Emily Walters Gregor is a graduate student in 20th-century American
literature and an ESL writing tutor at the University of Minnesota.

Review

As higher education becomes more and more necessary to ensure vocational
and financial stability in Canada and around the world, fair and
equitable access to higher education becomes more and more central to
discussions of social and economic equality across race, class, and
gender lines. This collection of essays by primarily University of
British Columbia faculty, staff, and students investigates the problem
of equal access to the benefits of higher education from the perspective
of integration into the academic institution. How well students become
engaged with the intellectual life of the school they attend, the book
proposes, directly correlates with their prospects for success within
and after university.

The essays cover traditional and non-traditional students;
undergraduate, graduate, and professional education; and many
under-represented groups of students, including the hard of hearing and
international students. Lesley Andres, in the introduction, provides an
overview of existing research on the subject of access to higher
education. In her conclusion, Finola Finlay presents an action plan to
improve inclusion within the university for all types of students.
Sharon Liversidge and Donna McGee Thompson describe the difficulties
mothers returning to school face in balancing the demands of school,
work, and domestic life. Michael Marker assesses recent efforts to
improve the education experience for First Nations students. Garnet
Grosjean discusses the benefits and drawbacks of co-op education.

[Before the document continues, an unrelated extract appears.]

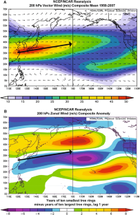 Our thanks to Mr. C.-L. Lin and the personnel of the Taiwan Forest Conservation Agency, also to C–S. Kang, Y.-H. Lan, S.-K. Huang, L.-S. Chiang, P.-Y. Chen, T.-T. Chen, C.-W. Yiu, and S.-W. Hsu for their assistance in the field and in the lab. Many of the figures were modified from images produced on the KNMI (Royal Netherlands Meteorological Institute) website (http://climexp.knmi.nl). Support for the Twentieth Century Reanalysis Project dataset is provided by the US Department of Energy, Office of Science Innovative and Novel Computational Impact on Theory and Experiment (DOE INCITE) program, and Office of Biological and Environmental Research (BER), and by the National Oceanic and Atmospheric Administration Climate Program Office. This research was partially funded by NSC Grant Numbers NSC 97-2627-M-002-023 and NSC 98-2627-M-002-011, and by the NSF Paleoclimate program, award ATM 04-02474.

Student Affairs provides a valuable survey of the importance of access
across what have traditionally been boundaries to higher education and
introduces a unique perspective on the issue by bringing student
involvement with the institution to the forefront. The articles,
however, are quite specifically focused on a particular population or
case study. Consequently, the book functions more as a reference source
for an academic audience than as a general overview of access to higher
education in Canada appropriate for the general public.